= PROVIDED MATERIAL =
= = = =

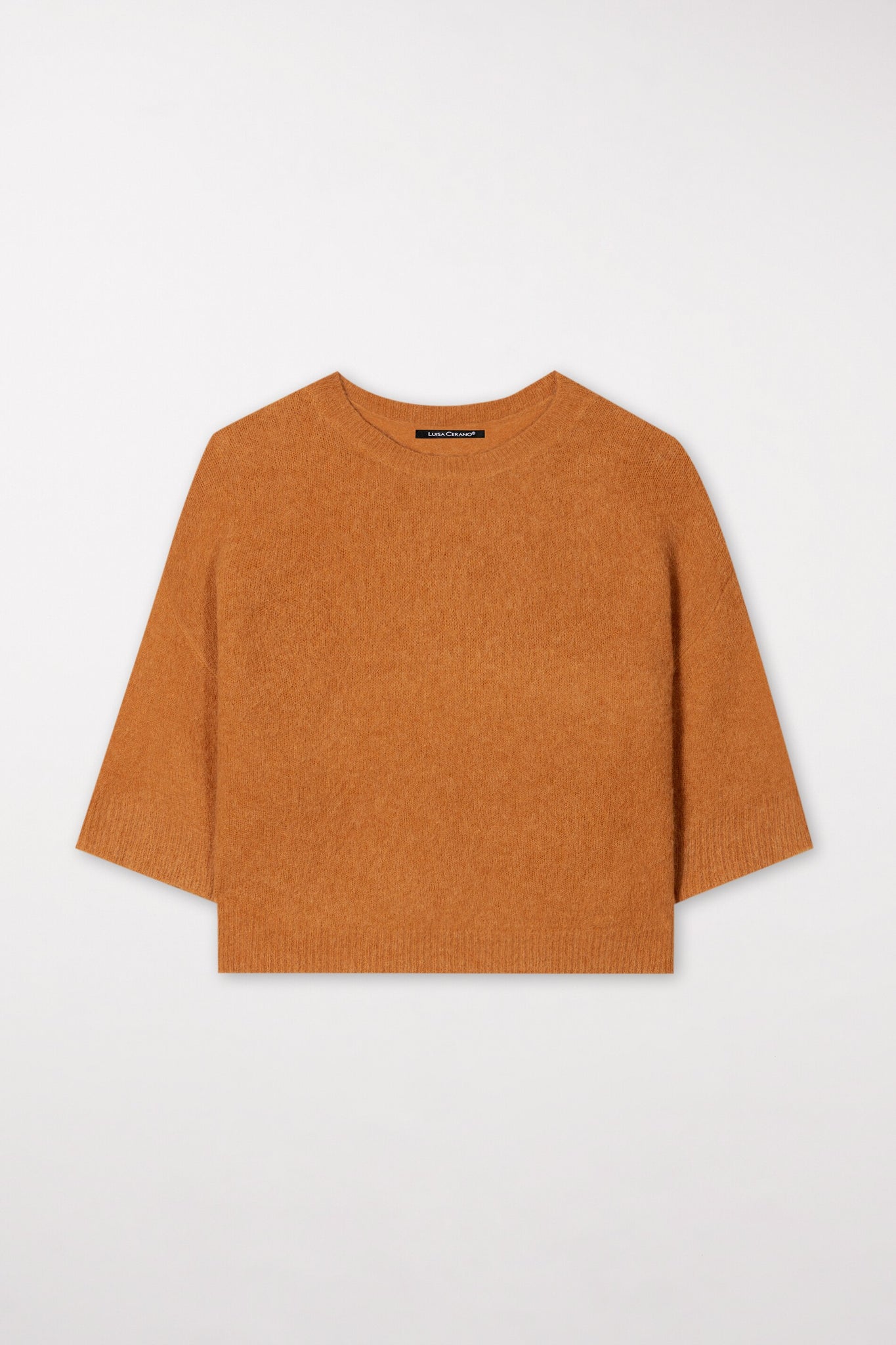 Pullover aus hochwertigem, italienischem Alpaka-Mix mit besonders weichem Griff und Rundhalsausschnitt. Die verkürzte Passform wird durch die herabgesetzten Schulternähte und die halblangen Ärmel komplementiert.
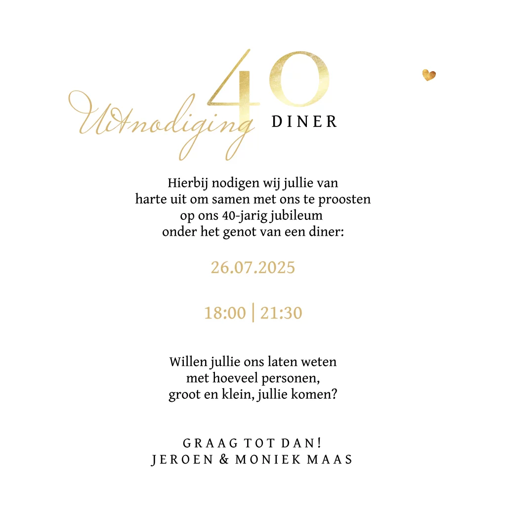 Nodig jullie dierbaren uit met deze stijlvolle jubileumuitnodiging voor jullie veertigjarige bruiloft.
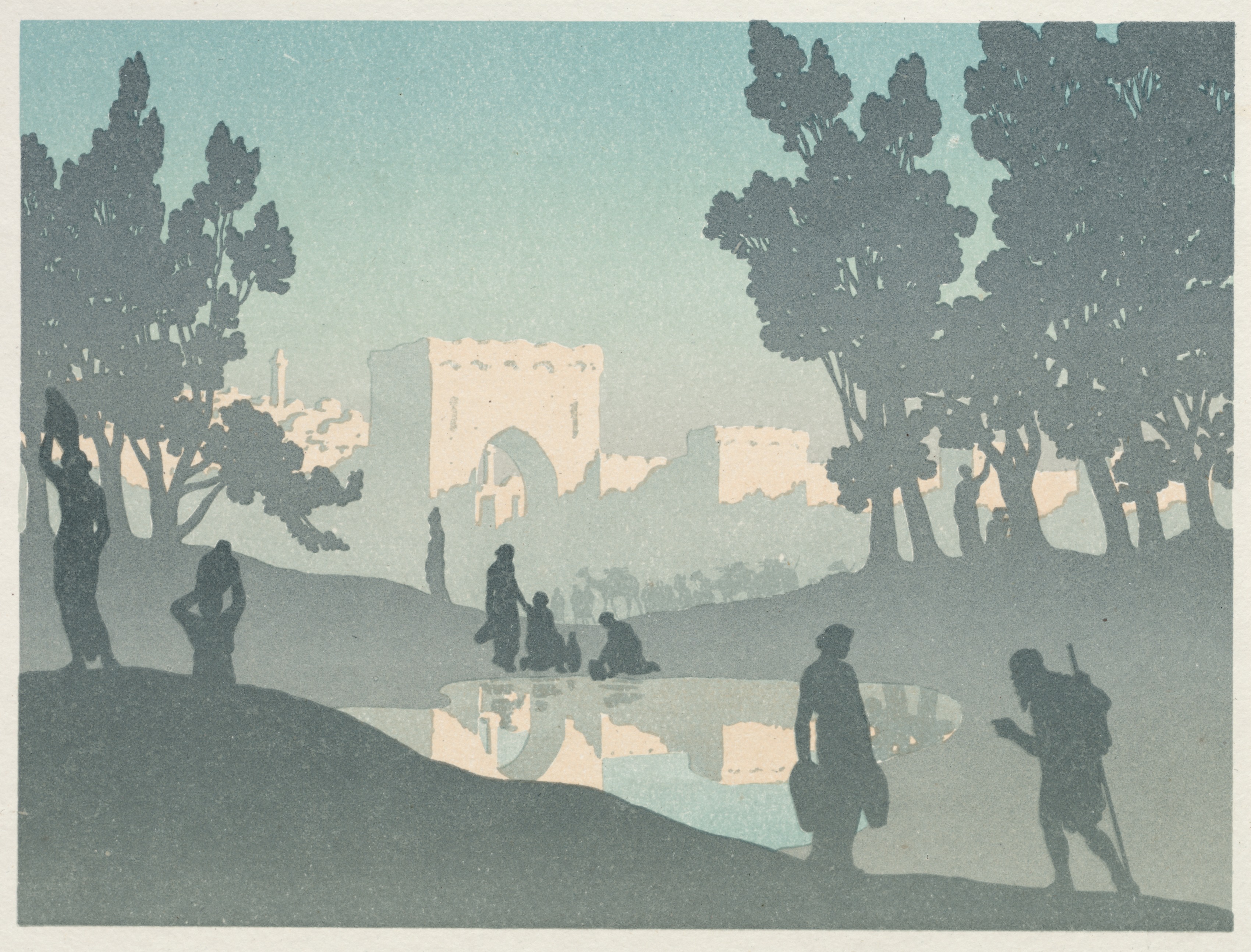 The Wandering Jew: The Old City by Henri Rivière. A landscape with a group of people in silhouette against a light background. The scene includes a body of water near the bottom center with a small bridge. On either side of the water are people standing and sitting, some are wearing hats. Behind them are trees on either side. In the background, a large white building with an archway and other structures can be seen. The sky above is blue and fades into the background. The entire scene is depicted in muted blue, gray, and beige colors.
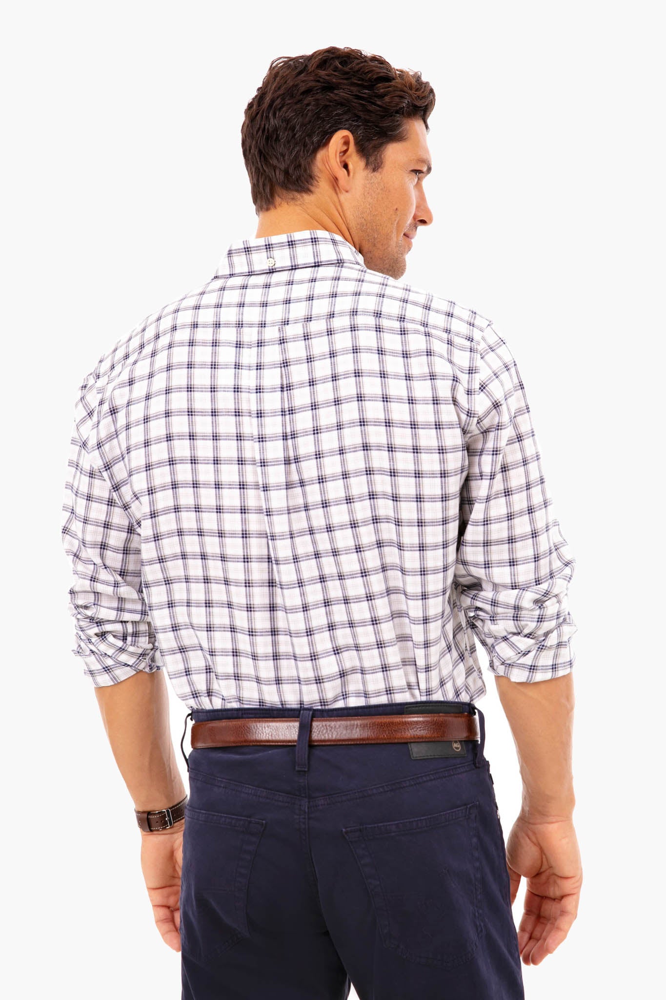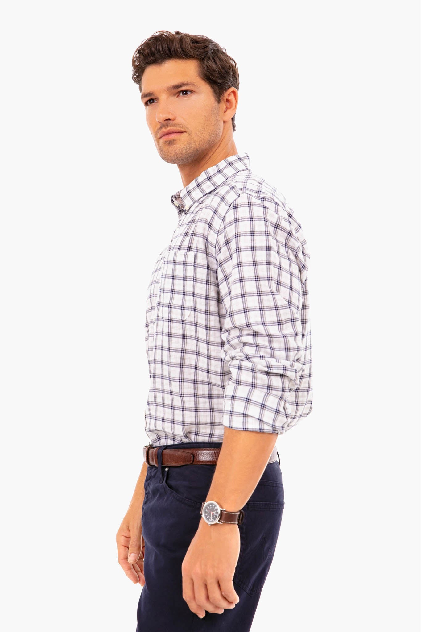 The White Helford Tailored Shirt features an all over tattersall style check in a lightweight. soft-to-the-touch blend. It is finished a left chest pocket with a Barbour logo and shield label. A versatile style. this shirt layers nicely under a sports jacket or sweater or can be worn on its own. from the office to date night.
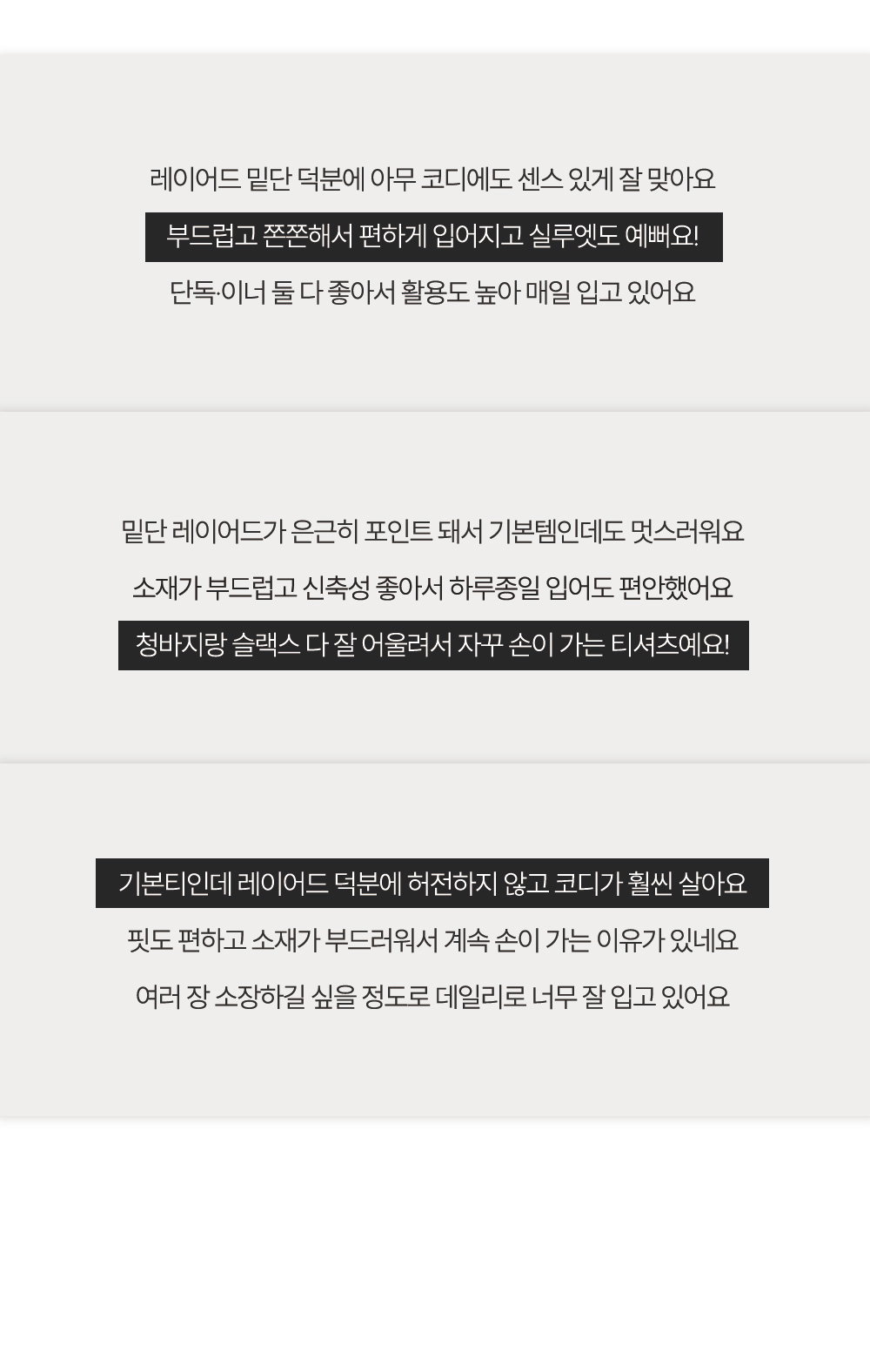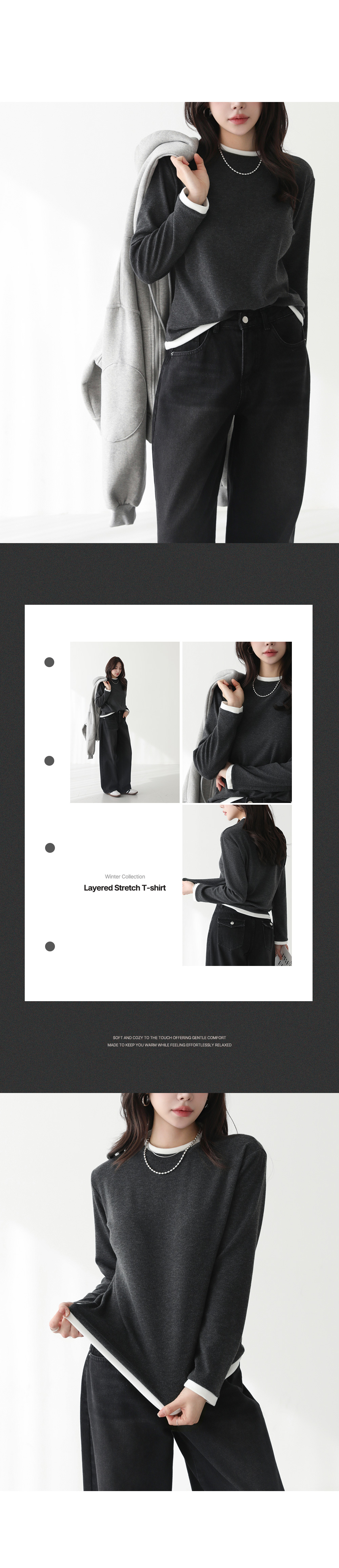 - 넥라인, 소매, 밑단 레이어드 디테일로 밋밋함없이 포인트
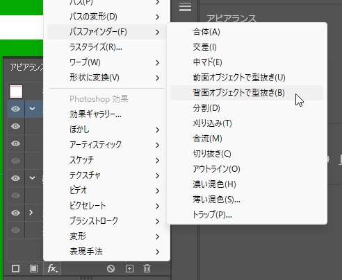 再び「塗り」を選択し、「アピアランス」パネル下部の「fx」をクリック→「パスファインダー」→「背面オブジェクトで型抜き」を実行します。

= = = =

= WHAT THE TASK REQUIRES =
From the very first line of the listing above through the line that holds "Nodig jullie dierbaren", write out each line exactly as it stands, leaving pictures out.

= FINISHED EXERCISE =
 Pullover aus hochwertigem, italienischem Alpaka-Mix mit besonders weichem Griff und Rundhalsausschnitt. Die verkürzte Passform wird durch die herabgesetzten Schulternähte und die halblangen Ärmel komplementiert.
 Nodig jullie dierbaren uit met deze stijlvolle jubileumuitnodiging voor jullie veertigjarige bruiloft.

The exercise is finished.